Scoped around the internet and checked out what the web had of the French “film” La Jetee. The various short (7 to 9 minutes) segments found on YouTube was actually different parts of the larger film which totals 28 minutes. Made in 1962, by Chris Marker, La Jettee is “made from a series of stills and a voice-over narration that tells of experiments carried out on a prisoner in the underground camps to which everyone has been forced after the holocaust of World War III. The experiments will purportedly save humanity by sending "emissaries" into both the past and the future to bring back help. The experimental subject (the film suggests this is the narrator himself) is chosen because of his obsessive attachment to an image of the past½a young woman on the quay (la jetée ) at Orly Airport when he was young. Under the auspices of the experiment, he reaches the past and spends time with this woman; but he is then brought back by the experimenters and sent to the future. The people of the future offer him refuge with them, but instead he asks them to return him to his past, to the quay at Orly and to the woman--and, as it turns out, to his own death.”

This is a strangely beautiful film. The black-and-white still images are superbly done, capturing the essential imagery of the narrative. It is as if we went through a well-shot film frame-by-frame, and then frame captured the best still images that told the story, then threw away the rest of the frames. Because of the lack of traditional film/video motion, this film, to me, sort of exists in that twilight zone between still photography and film. Sort of in the same “zone” where Fiona Tan’s video art piece "Corrections" can be found in the categories of my mind.

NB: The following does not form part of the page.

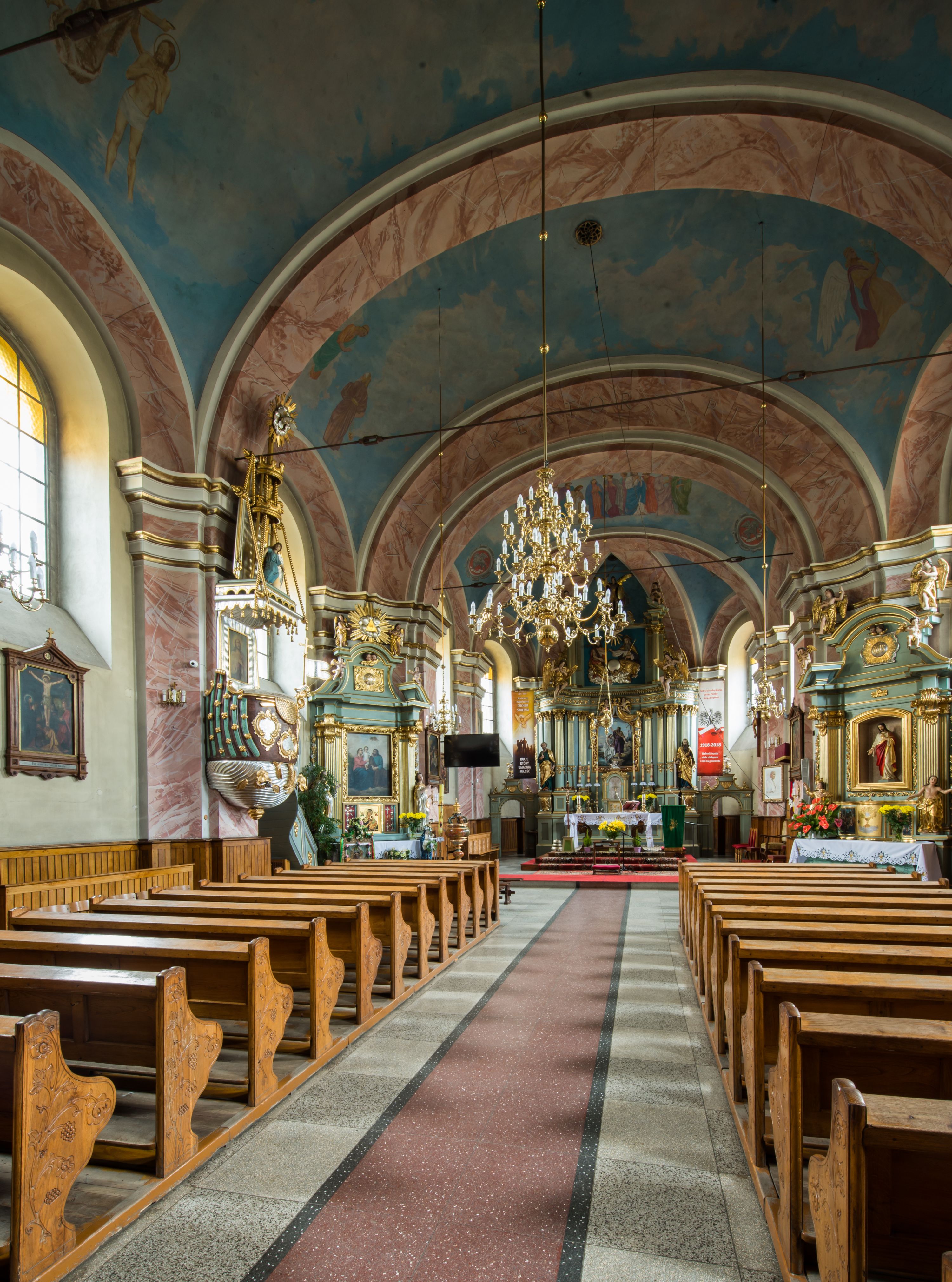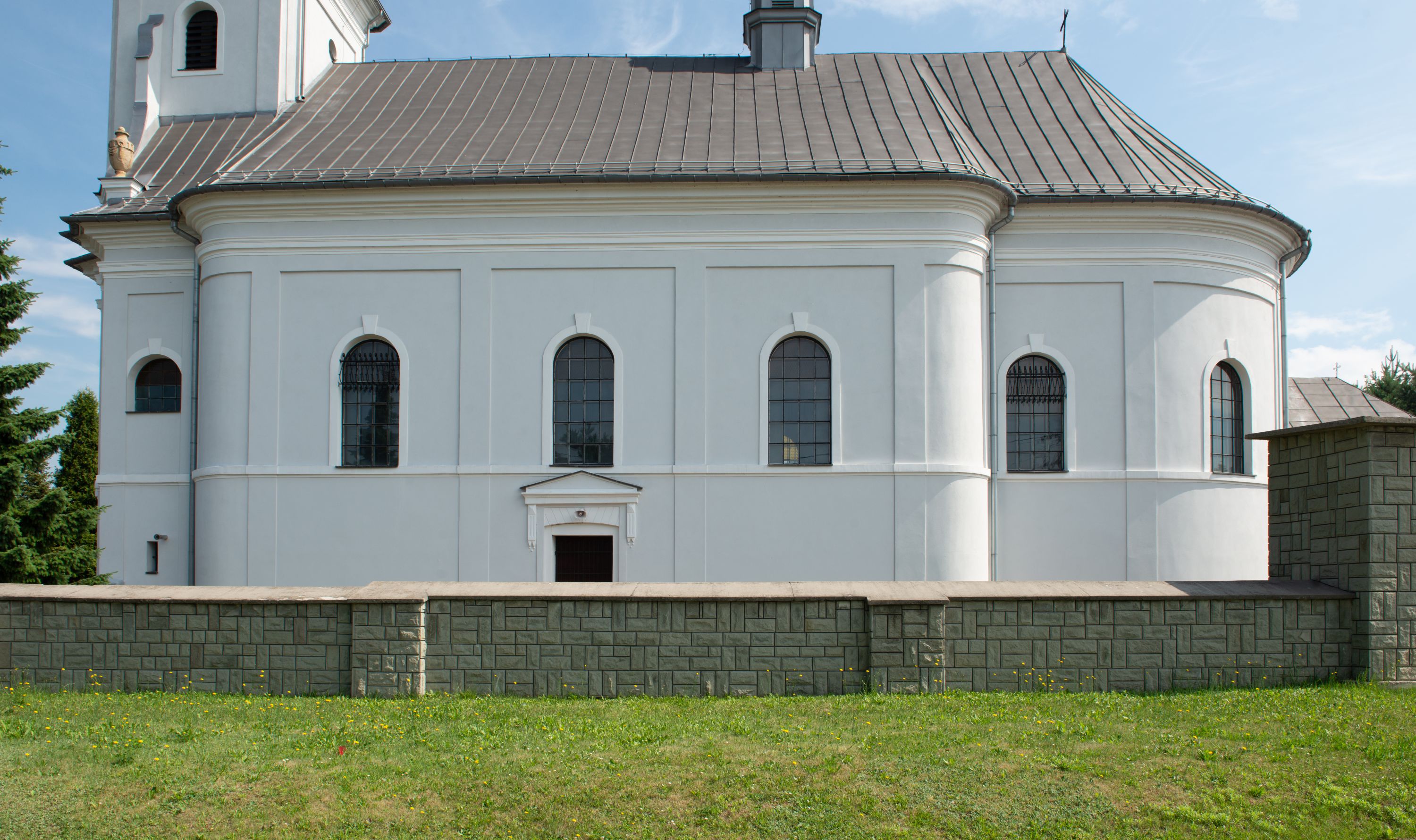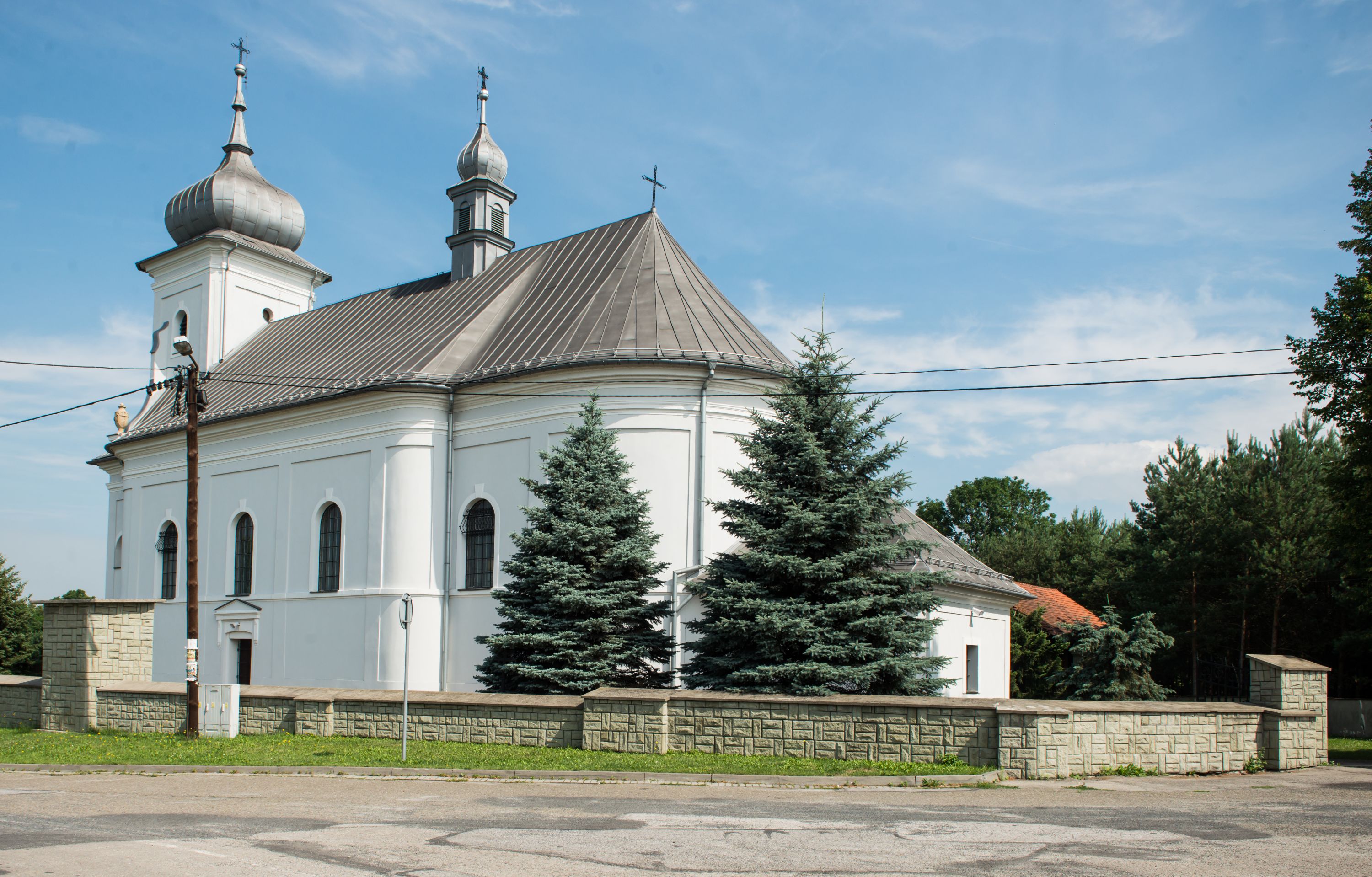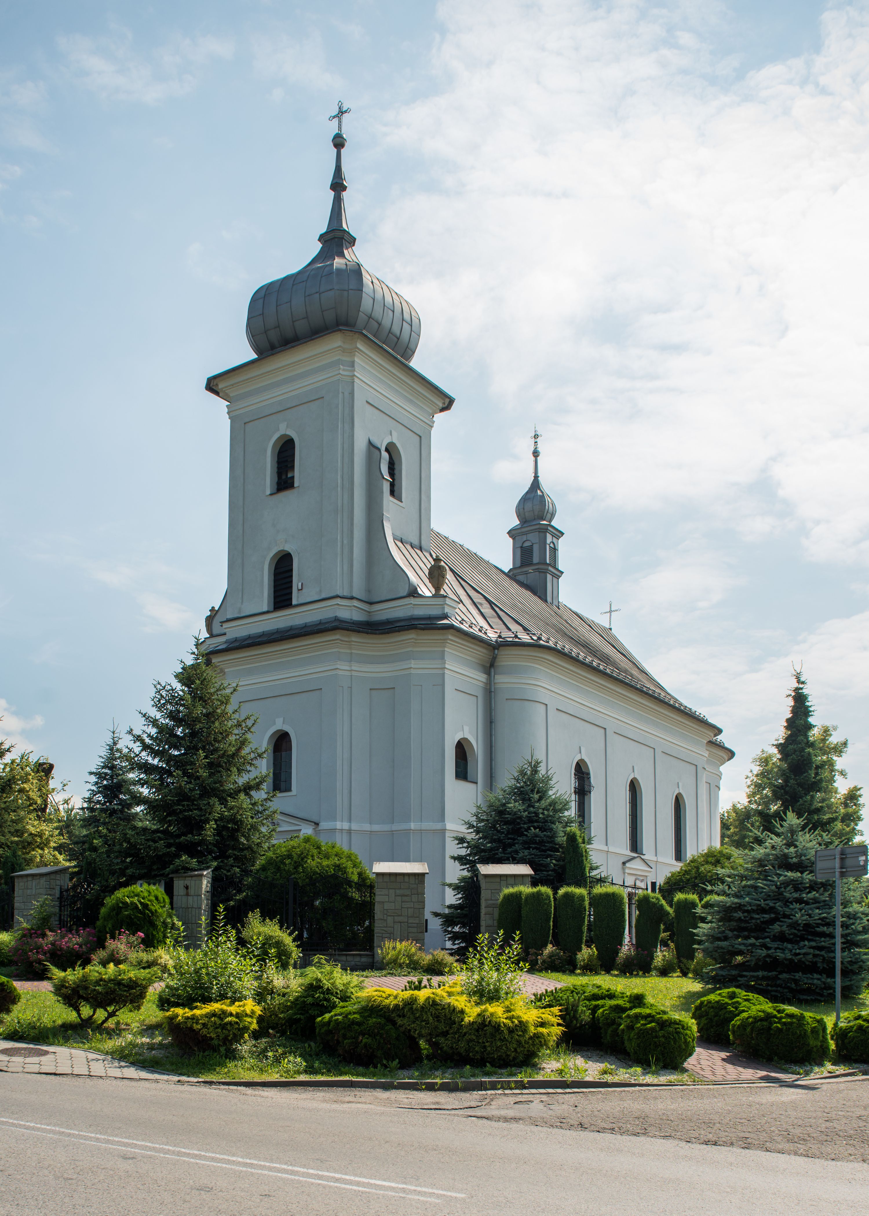 Murowany kościół otrzymał układ jednonawowej świątyni z węższym prezbiterium zwróconym ku północy i wieżą dostawioną do nawy od południa. Prezbiterium jest jednoprzęsłowe zakończone spłaszczoną apsydą. Na jego przedłużeniu usytuowano czworoboczną zakrystię. Prostokątna nawa jest trójprzęsłowa o zaokrąglonych narożnikach. Od frontu wzniesiono czworoboczną wieżę o ściętych narożnikach, flankowaną piętrowymi lokalnościami. Wysunięto ją lekko ku przodowi, gdzie przechodzi wklęsłymi płaszczyznami w boczne części fasady. Jej górne piętro nakryte cebulastym hełmem zostało opięte po bokach wolutami, obok których ustawiono kamienne klasycystyczne wazy. Elewacje zewnętrzne artykułowano podziałami ramowymi, zamykając wysokości ścian gzymsem gurtowy. Na końcu nawy na siodłowym dachu pokrytym blachą umieszczono czworoboczną wieżyczkę na sygnaturkę zwieńczoną cebulastym hełmem z krzyżem. Podobnym dachem nakryto prezbiterium. Wnętrze kościoła zostało rozczłonkowane lizenami z wklęsłymi półlizenami po bokach, ponad którymi rozciągnięto odcinki belkowania. Całość nakryto sklepieniem żaglastym na zdwojonych gurtach. Od południa w nawie urządzono chór muzyczny wsparty na dwóch kolumnach z parapetem wklęsłowypukłym. W prezbiterium usytuowano ołtarz główny, a w nawie dwa ołtarze boczne. Tu także na ścianie zachodniej zawieszono ambonę.

Where "Corrections" haunts us with the play of imagery, La Jetee’s power was in its total immersion in word/voice and image. And as strong as the still images are, the film mostly hits us with the sound of the human voice speaking the human word. The sound and narration is just absolutely beautifully done. Sort of like a sound sculpture of an individual human being, in contrast to what I want to do—which is a sound sculpture of the entire human landscape.

Another interesting thing about "La Jetee" and "Corrections" is that they both have a unusual meditative quality to them. Something that I find in neither the still photography or video/film media. For "La Jetee", it is as if the still imagery halts the mind from moving forward in the narrative. In doing that it stills the mind while, on the other hand, requires the mind to do more work with the imagination. The result is a more mindful and meditative viewing/listening. I feel this is a good effect, especially for my project.

I’m going to get my hands on the full-length version. Let the feeling of the piece (of the sound) settle inside of me. Definitely will provide an influence on “Our House.”

2 comments:

Levon Parian said...

Hey Lee, there is a copy of La Jetee in the Art Library at Sagebrush. And I have a key! You can only check it out one day at a time.

david said...

i am guessing that "12 monkeys" probably has a dvd extra with "la jetee" on it.